Cancellation of flights
Merging of airlines to survive
Closure of some airlines
Loss of revenue
Increase security surveillance
Cruise ships no longer include Kenya on their route
Increase cost of ticket to visit country with terrorism
DISCUSSION ON KENYA’S RESPONSE TO IMPACT OF TERRORISM (20 MARKS)
There is a need for the development of an anti-terrorism legislation in Kenya: following the 1998 bombing of the US Embassy in Kenya the government recognized that there were no adequate measures in place to deal with such acts and therefore the need to develop and implement legislation to deal with terrorism was essential. According to Kenya’s Counter Terrorism committee, the Government on two occasions made attempts to implement such laws with the ‘Suppression of Terrorism Bill’ in 2003 and the ‘Anti-Terrorism Bill in 2006 respectively. However, both bills failed to be introduced to parliament. (Google 2010)
There is also a need for revamped management policies to be set in place for Kenya’s border line and costal security control. (Google 2010) also stated that the need for heightened security is vital in these areas, for example: the border between Kenya and Somalia poses a great threat to Kenyan nationals and tourist due to fact that Somalia has been without a government of over sixteen years and is known to be politically unstable. This can be done by putting measures in place such as; heightened security checks for persons entering Kenya through Somalia, denial of entry for suspicious entrants and denial to unnecessary travelers especially during the peak tourist seasons. Proper execution of security in these areas may allow tourist’s to feel safer and therefore increase overall tourist visits to Kenya.
The tourism board of Kenya could try to mitigate some of the negative impacts of the past terrorism attacks on the country by recreating a new image for the destination. Though terrorism would ultimately have a devastating impact on any country being affected, repositioning Kenya in the minds of tourists and other tourists’ destination by focusing on the positives rather than the negative aspects of terrorism can aid in the process of moving forward. An example of this is the use of the US Embassy bombing as a memorial site where locals and tourists can visit.
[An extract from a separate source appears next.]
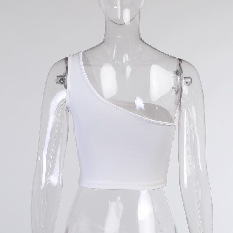 ワンショルダートップス ノースリーブ ワンショルダー スリム スリミング ショート丈 キャミソール セクシー アメカジコーデ ストリートファッション 2カラー a2754

There needs to be a crisis management portfolio that distinguishes terrorism from other forms of crisis. It should also outline in detail the measures that should be implemented before and after such a crisis. Then the portfolio should assist in painting a clear and clutter free process that should be followed after an act of terrorism to facilitate a timely recovery for Kenya’s image. Because terrorism has so severely tarnished the image of Kenya’s tourism product it is very crucial that only specified and highly qualified individuals should address the public and medias issues. Therefore, the portfolio will also outline all individuals that should be involved in this process with clearly defined roles and objectives.
The tourism board of Kenya could try to mitigate some of the negative impacts of the past terrorism attacks on the country by creating a new image for the destination. Though terrorism would ultimately have a devastating impact on any country being affected, repositioning Kenya in the minds of tourists and other tourists’ destination by focusing on the positives rather than the negative aspects of terrorism can aid in the process of moving forward. An example of this is the use of the US Embassy bombing as a memorial site where locals and tourists can visit. With repositioning in mind the tourism board can also shift some of their attention to local tourist by packaging their offerings in such a way that would be attractive to the local population.